Authors Fang, Liming
Issue Date 2006
Summary Ultrahigh molecular weight polyethylene (UHMWPE) is an implant material for orthopedic implants because of its excellent mechanical properties. However, its applications were limited by the poor processability, particularly its use as matrix materials for bone-analogue. The objective of this work is to process UHMWPE and hydroxyapatite/UHMWPE (HA/UHMWPE) nanocomposites for biomedical applications. UHMWPE was processed by extrusion in a temperature window, in which a metastable polyethylene phase transformation was induced by the elongational flow. Compared with conventional methods, the flow resistance was reduced by the mobile mesophase and the fusion of powder became faster by the improved inter-particle chain diffusion. Pin-on-disc wear tests showed that the as-extruded UHMWPE exhibited less wear loss, smaller wear debris and smoother worn surface, suggesting it has higher wear resistance than conventional sample. HA/UHMWPE nanocomposite was processed by twin-screw extrusion of HA and UHMWPE powder mixture and swelling UHMWPE in a solvent to control the shear viscosity. Microstructure showed that aggregated HA powder was broken down to nano-sized primary particles and dispersed homogeneously by the intensive shear mixing in the extruder. The HA particles and UHMWPE fibrils were intimately contacted because swelling improved the chain mobility of UHMWPE. The composite stiffness was significantly enhanced attributed to the reinforcement effect of HA nano particles to UHMWPE fibrils.

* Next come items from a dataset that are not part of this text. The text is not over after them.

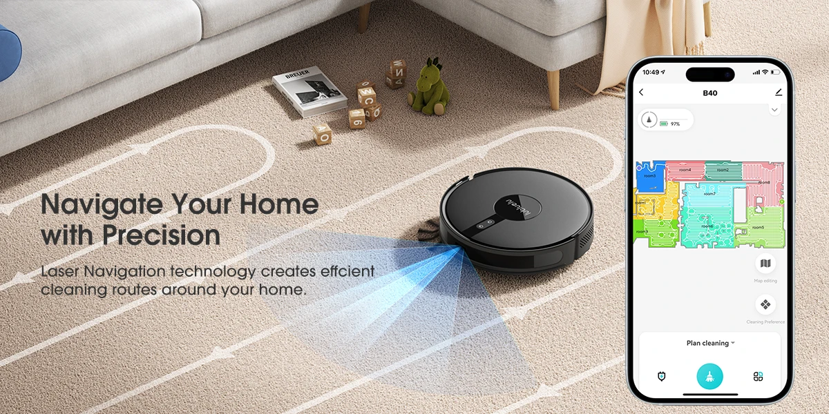 • Resume Cleaning: Auto-recharges to 80% finishes interrupted jobs.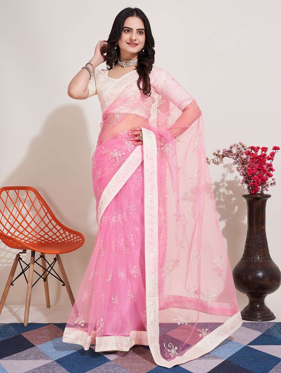 - » pink net embroidered saree with blouse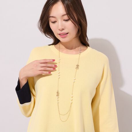 フェイクパール×ゴールド調チェーン使用のロングネックレス。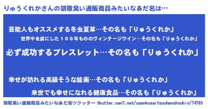 | ヘコむあだ名 | 『りゅにー』『りゅうくれか(苦笑)』 |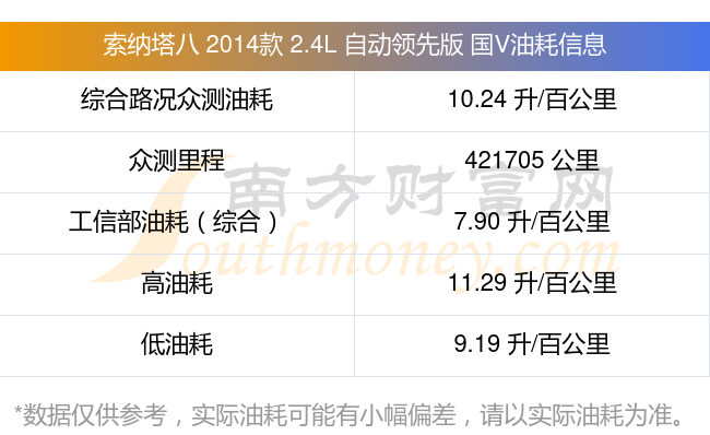 根據(jù)多位車主實(shí)測得出數(shù)據(jù),該車型低油耗為9.19升/百公里,高油耗為11.29升/百公里,綜合路況眾測油耗為10.24升/百公里,工信部綜合油耗為7.90升/百公里。

Since the toughness of UHMWPE was maintained in the composite, the composite was hot drawn to further increase the strength to that of cortical bone by aligning UHMWPE fibrils along the drawing direction. Biological evaluation indicated that the composite was biocompatible and very bioactive in simulated body fluid immersion. It was shown that the composite with 30% of HA by volume had optimal mechanical and biological properties.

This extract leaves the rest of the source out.